Nobody in the Nineties knew their way around a cover quite like Ms. Lauryn Hill. As a Fugee, she cemented herself not only as a formidable emcee but as one of the most compelling vocalists of the decade with her singing on the group’s hip-hop, reggae-infused smash revival of Roberta Flack’s “Killing Me Softly.” That performance opened up countless possibilities for her solo debut, 1998’s The Miseducation of Lauryn Hill, including yet another step into the past. At eight months pregnant, the singer famously knocked out her transformative take on “Can’t Take My Eyes Off You,” a classic made famous by no less than Frankie Valli and Diana Ross. While it’s true that Hill’s beat-driven rendition with her signature cadences originally appeared in the 1997 film Conspiracy Theory and was subsequently ripped and blown up by radio before her debut arrived, no listener in their right mind would have complained when this surprise turned up at the end of Miseducation.

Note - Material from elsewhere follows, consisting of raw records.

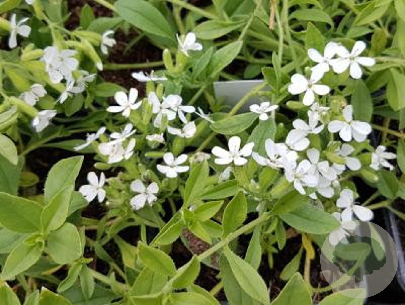 ToelichtingZeepkruid (Saponaria ocymoides 'Alba') is een laagblijvende vaste plant met witte bloemen. Deze plant bloeit van mei tot juli en staat graag in de zon. Zeepkruid gedijt goed in zandgrond, neutrale grond of goede tuingrond.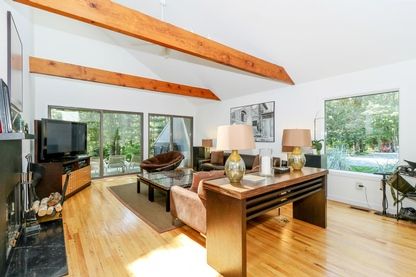 Rental Registration #: 19-55 Amazing value for pool and private tennis just minutes from East Hampton Village Fringe. On a secluded four acres, this four bedroom contemporary has abundant natural light from high ceilings and large windows. Sliding glass doors open directly to the outdoor dining and lounge areas. The large pool and deck provide a safe, enclosed space for children and pets. Easily entertain guests rain or shine with plenty of in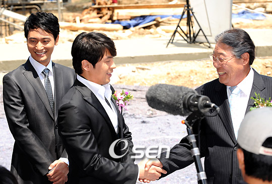 6월 16일 첫 방송 예정인 SBS TV 새 월화드라마 ‘식객’의 촬영현장 공개 행사가 15일 낮 강원도 정선군 강원랜드 내 운암정 신축공사 현장에서 열렸다. 드라마의 중요 촬영지이자 드라마 촬영 후에는 전문 한식점으로 사용될 ‘운암정’의 상량식을 거행하는 장면이었다. 운암정은 4260평방미터(1288평) 넓이의 부지에 주건물인 운암정을 비롯해 주방동 사무동 숙소동 팔각정 등이 들어서 건평만 1567평방미터(474평)에 이른다. 공사비만 약 40억 원이 들어간다. 이날 행사에는 최불암 권오중 김소연 원기준 김성겸 심양홍 등 주연배우들과 김진선 강원도지사, 강원랜드 임직원 등이 참석했다. 운암정 상량식에 참석한 장 회장 김성겸이 봉주(권오중)에게 악수를 청하고 있다. /정선=강희수 기자 100c@osen.co.kr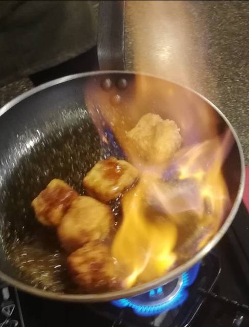 Cuando quieras destacarte en la presentación de tu leche frita, luego de pasarlas por azúcar y canela en polvo, puedes proceder a flambearlas, tomaran un espectacular aspecto sin cambiar para nada su sabor.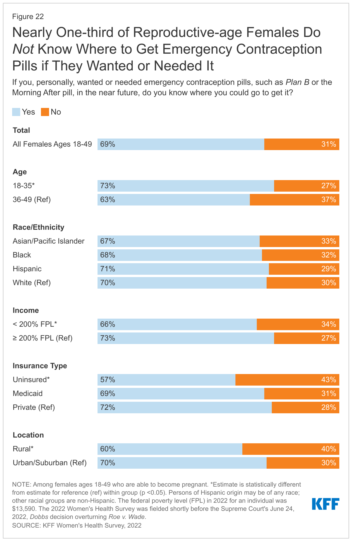 Not only was there a lack of awareness about where to get emergency contraceptive pills, but even before the Supreme Court overturned Roe v. Wade, few knew where they could get an abortion if they needed one. Prior to the ruling in Dobbs, just one-quarter (26%) of females ages 18-49 said they knew what clinic or health care provider they could go to for an abortion if they wanted or needed one. Smaller shares of females living in rural areas, where services are more limited, knew where they could go to get an abortion compared to females living in more urban areas (16% vs. 28%).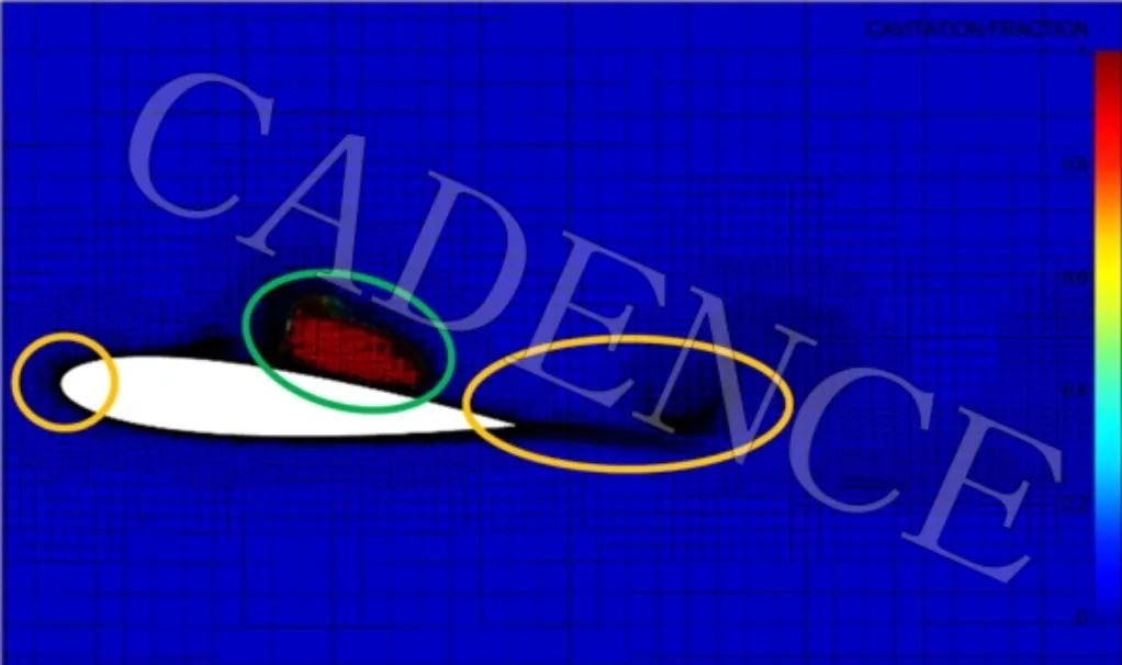 空化仿真需要引入一个全新的相——汽相,即水蒸汽。因此,空化仿真有三相,分别是液相、汽相以及自由液面。更重要的是流动属于复杂的非定常流,如下图所示的空化的脱落等非定常特征。此外,空化的仿真技术也高度依赖网格。为了正确捕捉空化的细节特征,必须在确定的区域保证网格的加密。这一过程非常耗时,且需要大量的技能和专业知识储备。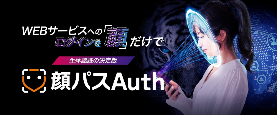 顔パスAuthとはwebサービスのログインを顔認証で行えるサービスです。専用アプリを入れる必要がなくブラウザーベースで顔認証を行い、ログインが可能です。

Because it was the first chance to own the song on any official release, we’re going to take our eyes off our own rule for just a moment.

1. Nirvana: “Endless, Nameless” (Nevermind, 1991)

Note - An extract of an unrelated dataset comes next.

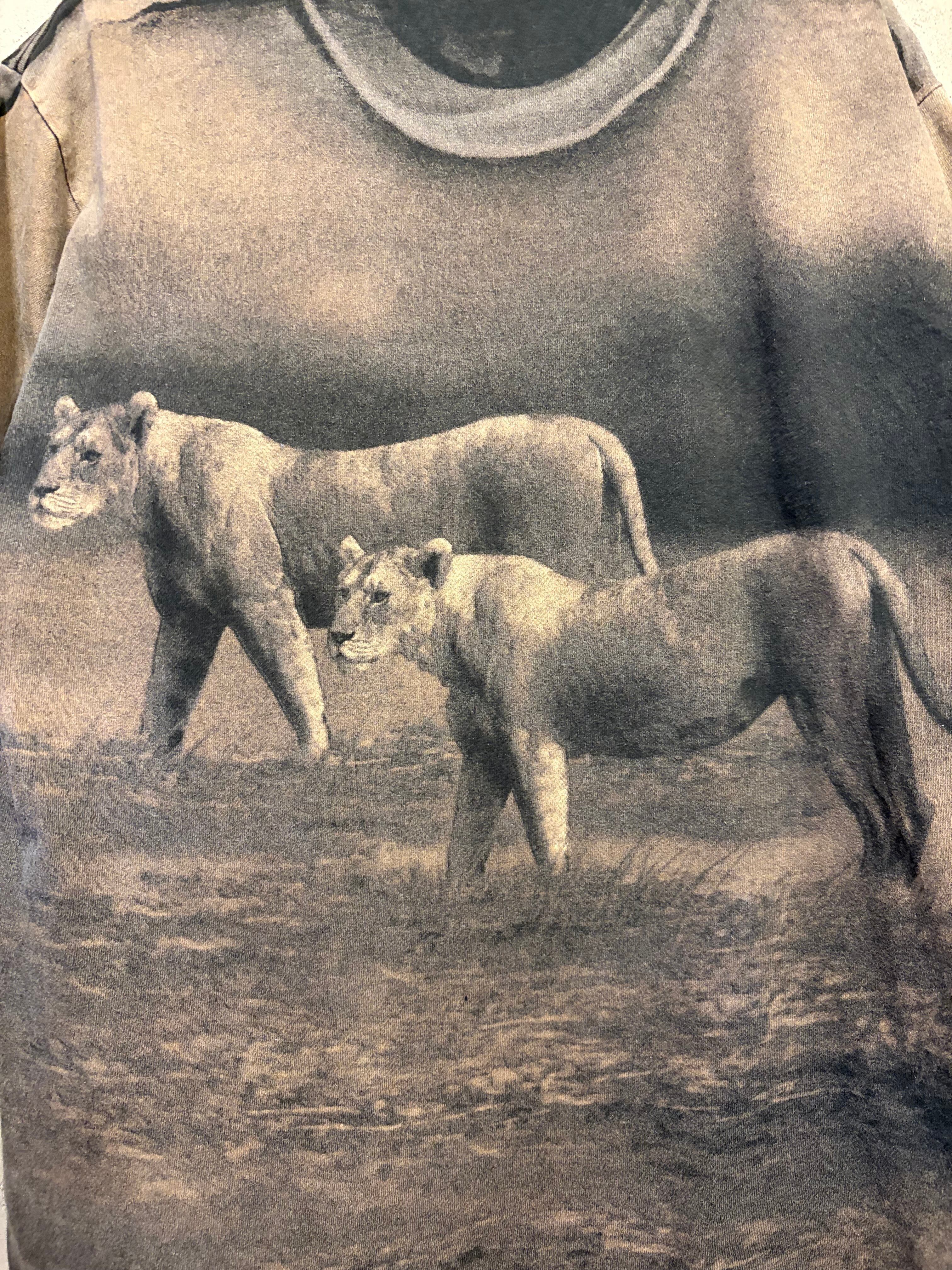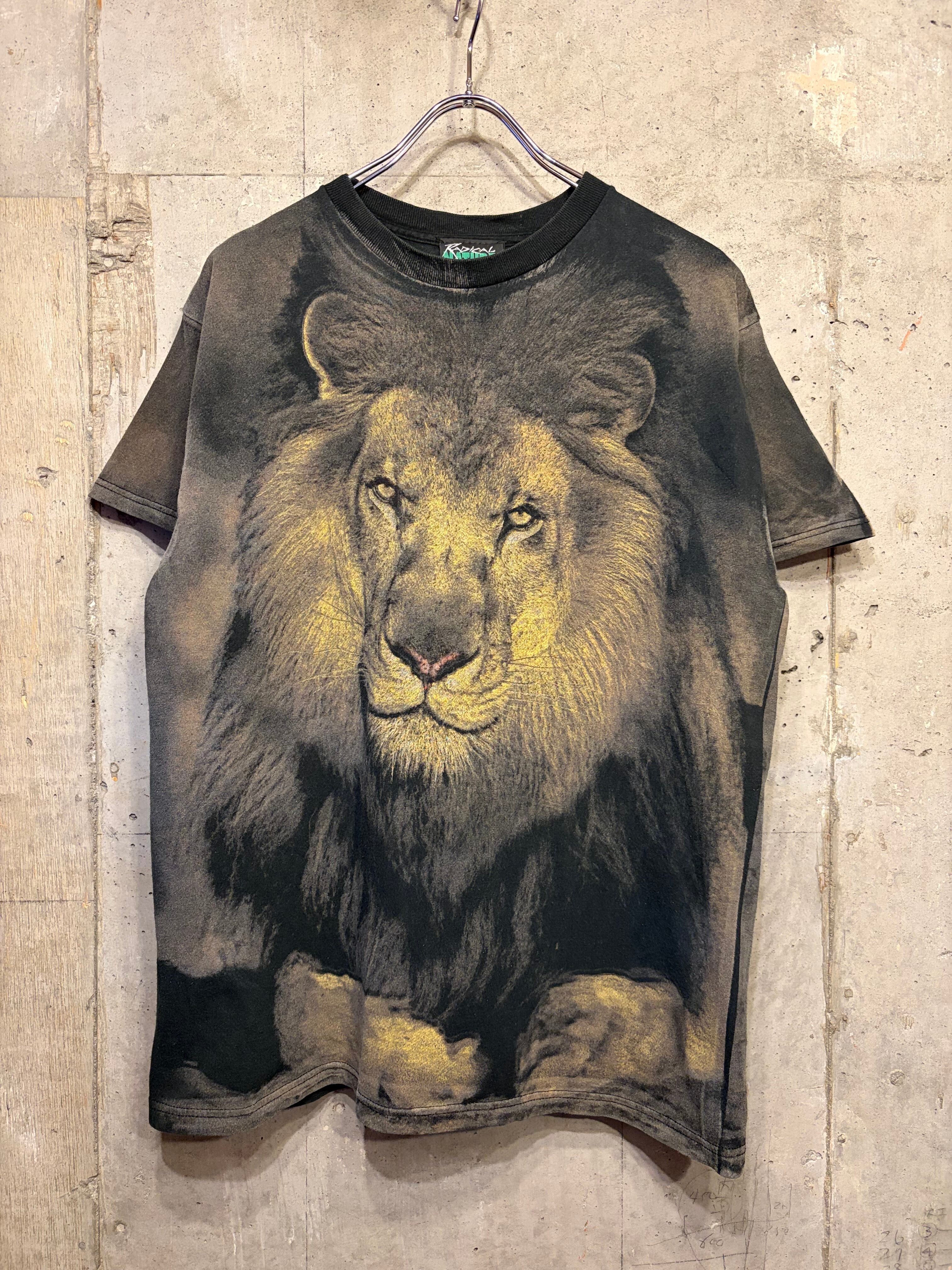 【L相当】両面ライオンさん ガォ〜 アニマル ネコ科 tシャツ

In hindsight, trying to hide anything on the most popular album of the Nineties by the most iconic band of that era seems like a fool’s errand. At the time, however, Nirvana had to believe that not many listeners would actually make it through ten gaping minutes of silence to discover “Endless, Nameless.” And god help those who did. What began as a frustrated, cathartic purge after failed attempts to nail a take of “Lithium” has since become arguably the most famous (or infamous?) hidden track in modern history. The song—more of a jam, really—consists of nearly seven minutes of frontman Kurt Cobain screeching single words and short phrases over every ounce of abrasive, distorted chaos the Seattle trio can muster.

Here’s the thing, though. The mayhem slowly begins to find a shape, each filthy, debauched convulsion somehow becoming as memorable as a sing-along chorus or a classic hook. The band had managed to transform something angry and visceral into something disturbingly beautiful. Nirvana would go on to play the song live dozens of times, usually ending in a pile of guitar and drum kit debris onstage. “Endless, Nameless” made such an impact that even “Weird Al” Yankovic hid a six-second tribute at the end of his 1992 Nirvana-indebted record, Off the Deep End. You know that you’ve truly made it when “Weird Al” parodies your hidden tracks.